Radyo Bida Cotabato (DXMS)
- Cotabato City; Philippines;
- Broadcast area: Maguindanao del Norte and surrounding areas
- Frequency: 882 kHz
- Branding: DXMS Radyo Bida 882

Programming
- Languages: Maguindanaon, Filipino
- Format: News, Public Affairs, Talk, Religious Radio
- Network: Radyo Bida

Ownership
- Owner: Notre Dame Broadcasting Corporation
- Sister stations: 92.7 Happy FM

History
- First air date: 1957
- Call sign meaning: Mamamayang Sumasampalataya (former branding)

Technical information
- Licensing authority: NTC
- Power: 5,000 watts

= DXMS-AM =

Radio station in Cotabato City, Philippines

DXMS (882 AM) Radyo Bida is a radio station owned and operated by Notre Dame Broadcasting Corporation, the media arm of the Missionary Oblates of Mary Immaculate. Its studio is located at the Oblate Media Center, Sinsuat Ave., Cotabato City, and its transmitter is located at Notre Dame Village, Cotabato City.

DXMS is the oldest Catholic radio station in the country.

==History==
DXMS was established by prelate Gerard Mongeau, the first Roman Catholic bishop in the old Cotabato province, in February 1957 as the first radio station of the Oblates of Mary Immaculate, and also the first in the once-undivided province (which now covers the Soccksargen region and the Maguindanao provinces). It became a tool, primarily for evangelization, in the then Diocese of Cotabato.

The station was briefly closed upon the declaration of martial law by President Ferdinand Marcos in 1972. Its sister station, DXND-AM, was later used to be a mouthpiece against the administration.

In 1978, the station, then having a 10-kilowatt power, had its frequency moved from 880 kHz to the present-day 882 kHz.

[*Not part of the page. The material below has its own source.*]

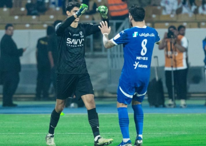 لاعب الهلال، البرتغالي روبن نيفيز، مع المغربي ياسين بونو، حارس المرمى، بعد إجادته في ركلات الترجيح أمام الأهلي | المركز الإعلامي ـ الهلال
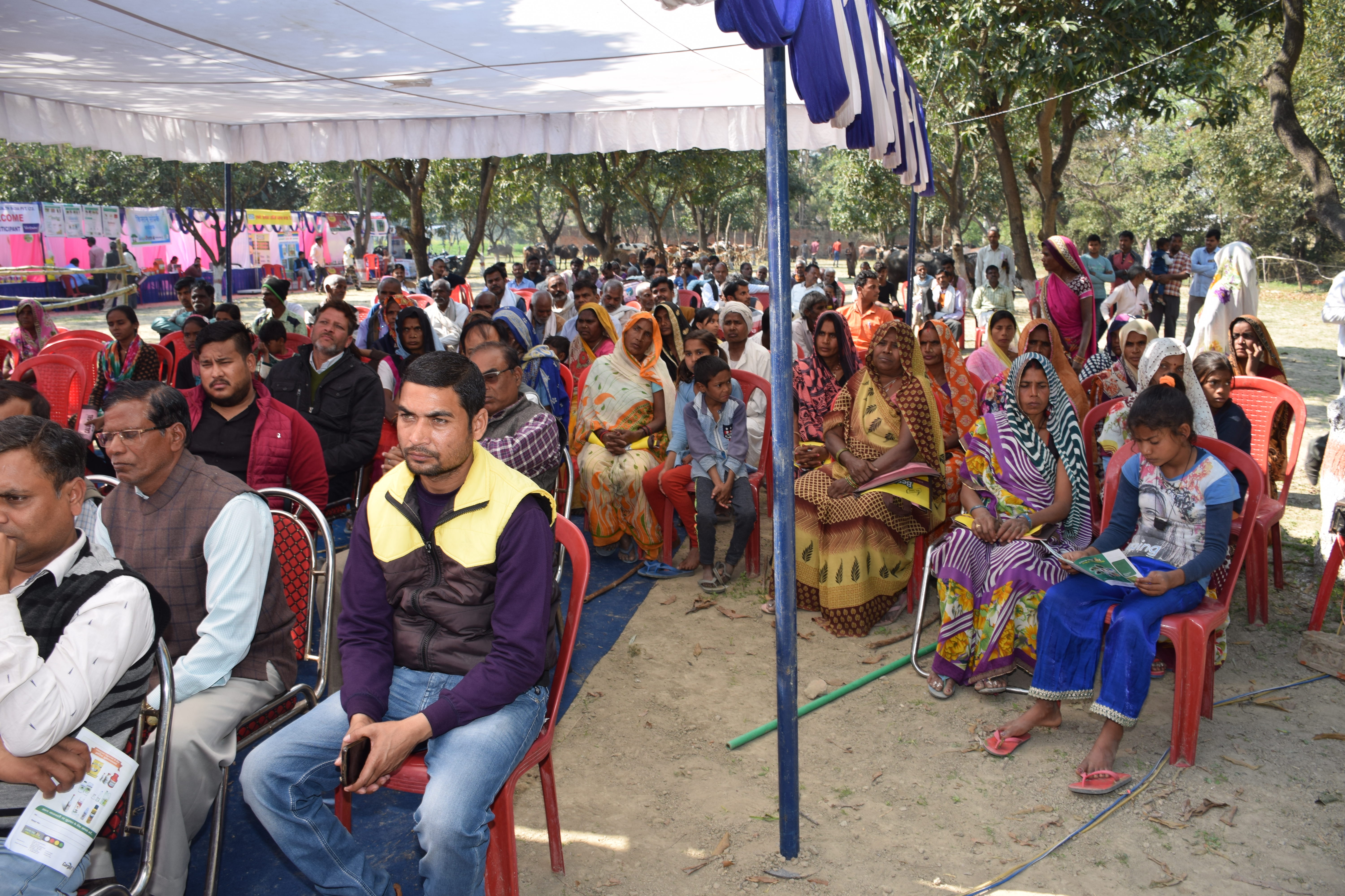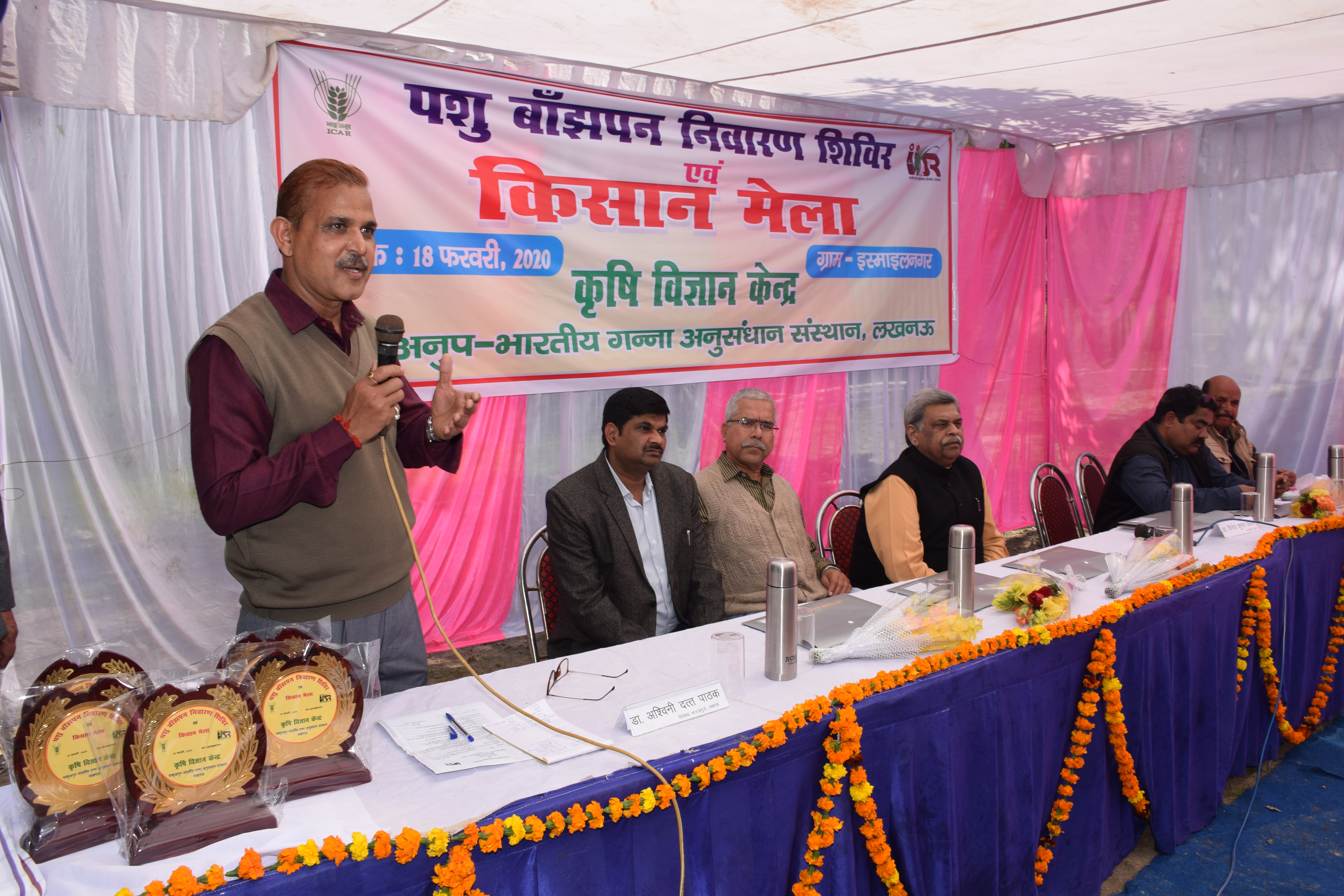 Krishi Vigyan Kendra, ICAR-Indian Institute of Sugarcane Research, Lucknow organized an Animal Fertility Camp at Ismailnagar, Nagram, Lucknow on February 18, 2020 which was attended by 365 dairy farmers and 260 animals of nearby villages for doubling the farmers’ income by increasing the productivity of dairy animals. On this occasion, Shri Umesh Singh Tomer, Chairman, Lucknow Milk Union, Lucknow Division was the Chief Guest of the programme, while Dr. A.D. Pathak, Director, ICAR-IISR, Lucknow presided the function. Total 260 livestock were medically tested for infertility and 100 kg mineral mixture, 2000 deworming tablets and medicine of ticks were distributed free of cost to the dairy owners. Dr. R.K. Singh, SMS (Animal Science) delivered a lecture on control of infertility in dairy animals and advised for balanced ration, deworming each animal at four months interval and advised farmers for green fodder/perennial fodder grasses production round the year. Three best cows and buffaloes were selected and their owners were awarded by Dr. A.D. Pathak, Director. The vote of thanks was proposed by Dr. A.K. Dubey, Head, KVK, ICAR-IISR, Lucknow.

The station became known for the broadcast of an annual quiz contest.

==Incidents==
===2000 attacks===
Radio Kalimudan, a nightly blocktime news and cultural affairs program hosted by religious commentator and engineer Datu Zamzamin Ampatuan, was said merely aimed at teaching the Muslims in Central Mindanao to preserve their traditions, and was used to criticize the Islamic extremism, particularly the separatist group Moro Islamic Liberation Front (MILF) for their involvement in violence while pushing the separatism of Mindanao as an Islamic state. Ampatuan later received several death threats, especially from MILF which had strongly objected the airing of the program; the program became the subject of numerous attacks involving the station in 2000.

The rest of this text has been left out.